Sam Jones (38:54): "Stoking paranoia in the Freedom Party has given Russia huge leverage to interfere in Austrian politics."
Austrian MP Steffi Crisper provides a comprehensive analysis of the situation, highlighting how Marsalek's influence operations nearly transformed Austria into a hub for Russian intelligence infiltration. Crisper emphasizes the dire implications of having an intelligence agency compromised by political bias and foreign interests.
Steffi Crisper (37:19): "It would have been logically terrible ... for the interests of the security of people living in Austria, but for foreign interests."
Despite the complexities and denials from key figures like Ott, ongoing investigations continue to unearth more evidence linking Marsalek to a broader network of espionage activities. The intricate balance between political power, intelligence integrity, and foreign influence remains precarious, with significant ramifications for Austria and its allies.

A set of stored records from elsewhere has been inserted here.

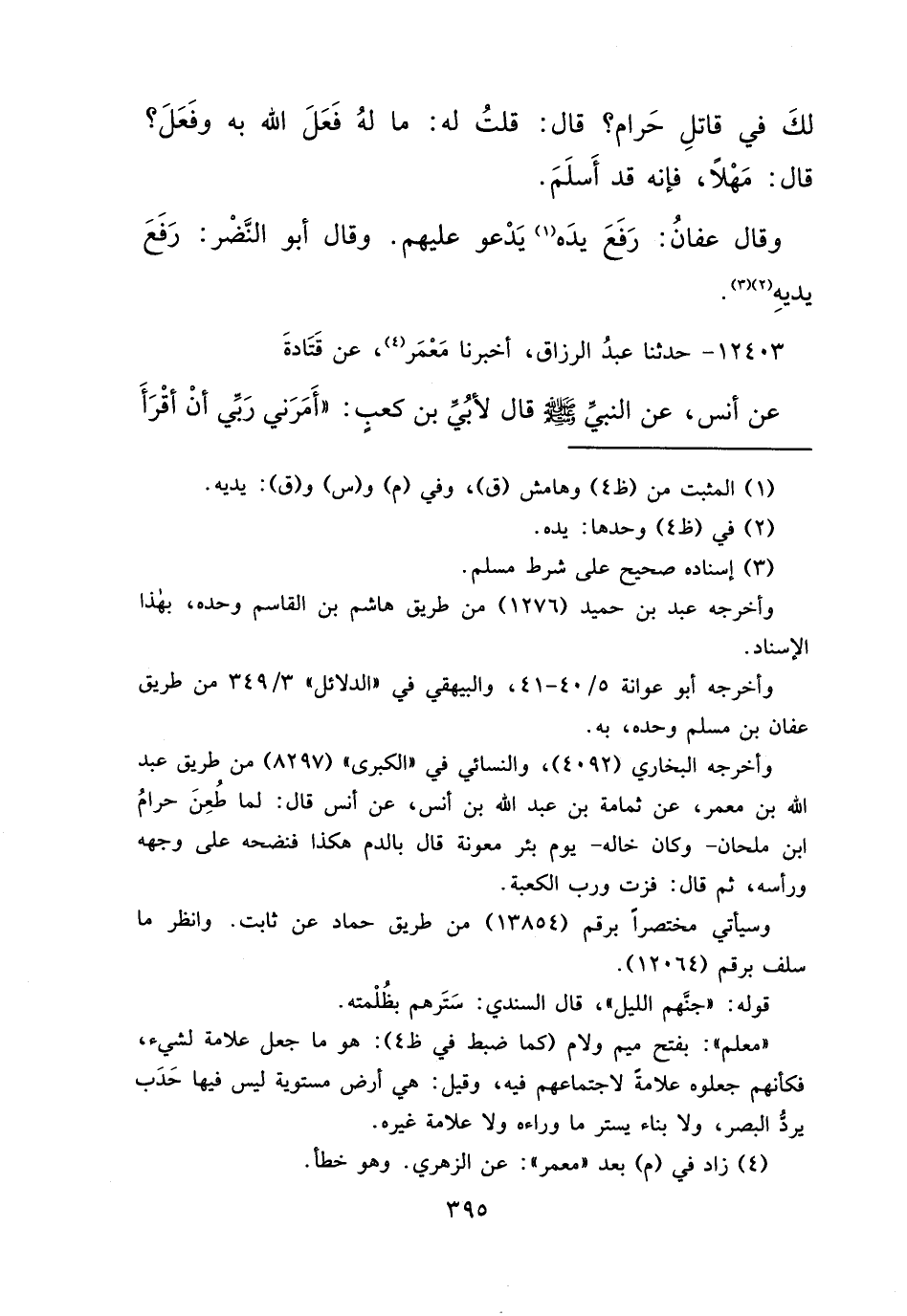 لَكَ فِي قَاتِلِ حَرَامٍ؟ قَالَ: قُلْتُ لَهُ: مَا لَهُ فَعَلَ اللهُ بِهِ وَفَعَلَ قَالَ: مَهْلًا، فَإِنَّهُ قَدْ أَسْلَمَ، وَقَالَ عَفَّانُ: رَفَعَ يَدَهُ (١) يَدْعُو عَلَيْهِمْ، وقَالَ أَبُو النَّضْرِ: رَفَعَ يَدَيْهِ (٢) (٣)
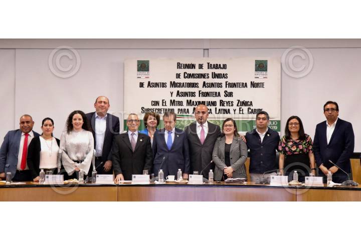 CIUDAD DE MÉXICO, 15JULIO2019.- Porfirio Muñoz Ledo, presidente de la mesa directiva en la Cámara de Diputados; Maximiliano Reyes Zuñiga, subsecretario para América Latina y el Caribe y la diputada Julieta Vences Valencia, durante la reunión de asuntos migratorios, asuntos Frontera Norte y asuntos Frontera Sur, la cual fue relaizada en la Cámara de Diputados. FOTO: CUARTOSCURO.COM
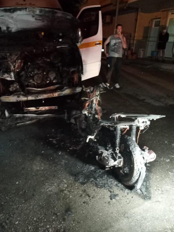 Kundaklanan motosiklet ile yakınındaki minibüs yandı
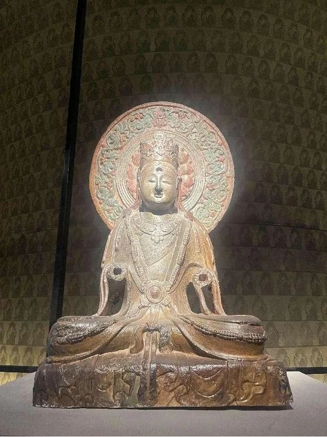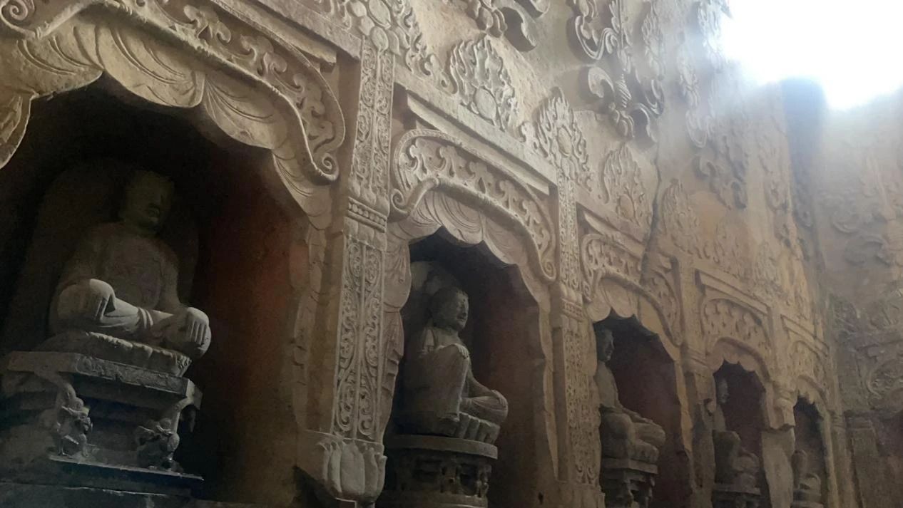 顶着烈日寻古,来到了石窟的北洞,当进入石窟的瞬问,极为震撼,北洞被称为“大佛洞”,是响堂山石窟群当中开凿最早的洞窟。大佛洞的设计融合了佛教宇宙观中独特的时间与空间观念。石窟入口处经过重修,入口上方是三个透光明窗,入口顶部还有类似覆钵顶的痕迹。洞窟内部设有大型的方形中心柱,柱上雕刻代表过去、现在和未来的三世佛,每尊佛两侧立有胁侍菩萨。国绕中心桂四周的石壁上和中心柱顶部刻开小龛,雕凿佛、菩萨和其他神祗,包括飞天和鬼神,这些高浮雕刀法精湛,刻画如生。石刻的造型工艺十分精妙,人物造像、光背火焰、以及由山花蕉叶、摩尼宝珠和装饰图案所围绕的覆钵顶塔形龛,体现了高超的雕刻技术水平。桑梓团队参观考察中及时记录了响堂山石窟中有特色的文化艺术元素,方便为后期设计文创产品提供灵感。通过此次调研考察,桑梓团队不仅收获了丰富的创作灵感,更能够切身体会佛教圣地信仰与艺术结合千年的结晶的魅力。
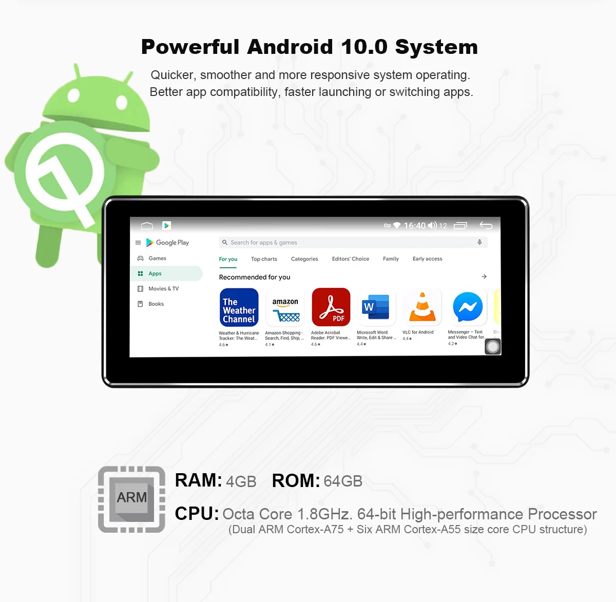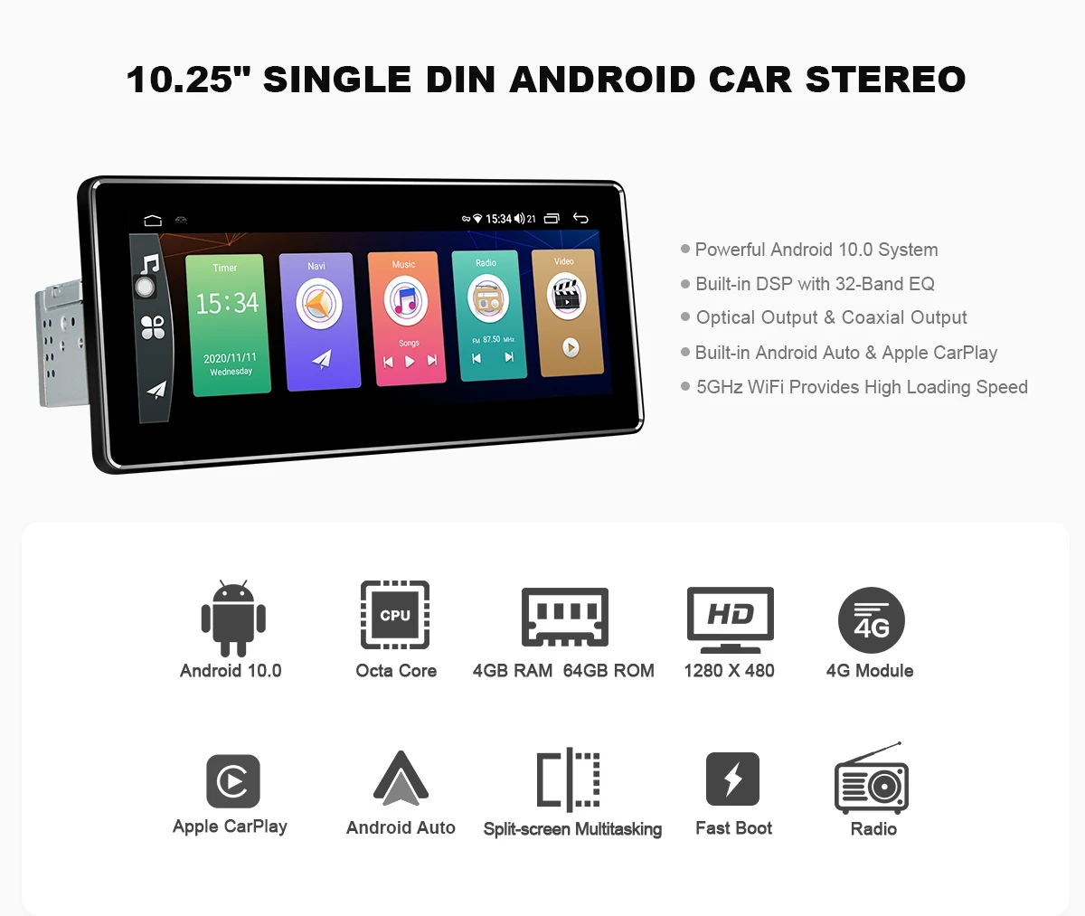 1. Совместимость с Android 10,0, UIS7862 восьми-ядерный 1,8 ГГц двухъядерный процессор ARM Mali G52 614,4 МГц 10,25 дюймов 1280*480 IPS HD Экран
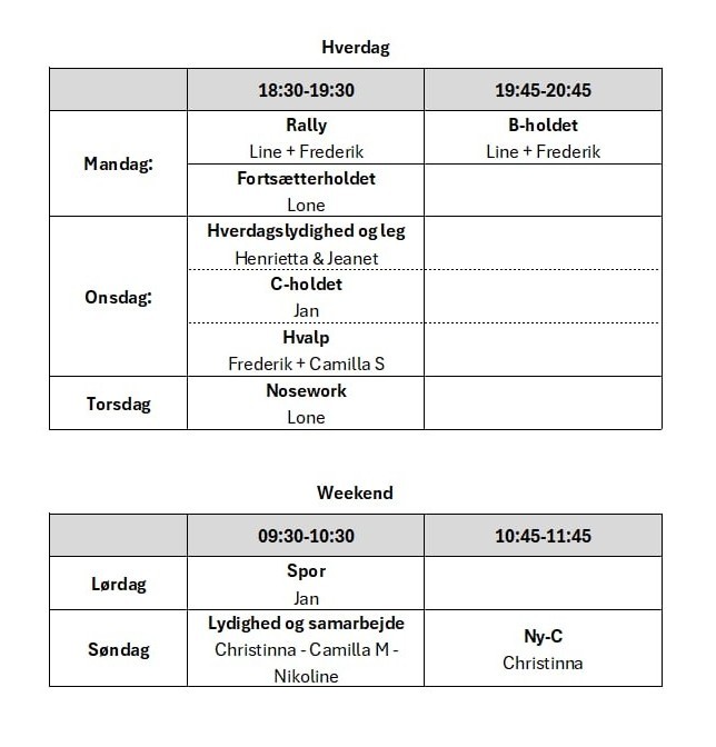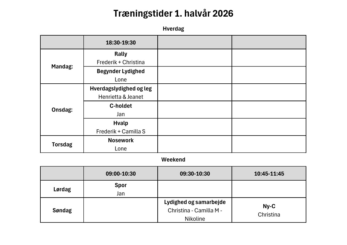 Træningstider fra 26/1-26 og frem til og med uge 26

Peter Gridling (39:04): "From my experience, I have no comparison. We will see what evidence is produced."
Episode 6 of Hot Money: Agent of Chaos masterfully unpacks the convoluted saga of Jan Marsalek and the Austrian intelligence service. Through meticulous reporting and insightful interviews, Sam Jones paints a vivid picture of how individual ambitions and geopolitical strategies intertwine, posing profound questions about national security and the unseen forces shaping global financial landscapes.
Notable Quotes:
Peter Gridling (06:31): "Interest, first of all, interest in developments, interest in following up things. A certain feeling."

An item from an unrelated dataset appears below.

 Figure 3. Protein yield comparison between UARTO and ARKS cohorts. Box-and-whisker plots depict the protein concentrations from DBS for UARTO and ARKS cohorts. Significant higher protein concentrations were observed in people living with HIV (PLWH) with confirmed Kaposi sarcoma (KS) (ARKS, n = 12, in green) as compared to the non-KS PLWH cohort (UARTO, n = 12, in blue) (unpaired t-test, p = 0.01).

Sam Jones (19:36): "This is not true ... we haven't been used for this or something."
Steffi Crisper (35:11): "I think that he could use any allegations to push for something like a raid to happen."
Steffi Crisper (37:19): "It is."
Sam Jones (38:54): "Stoking paranoia in the Freedom Party has given Russia huge leverage to interfere in Austrian politics."
Hot Money: Agent of Chaos continues to shed light on the shadowy intersections of finance, politics, and espionage, offering listeners a profound understanding of the forces shaping today's economic and geopolitical landscapes.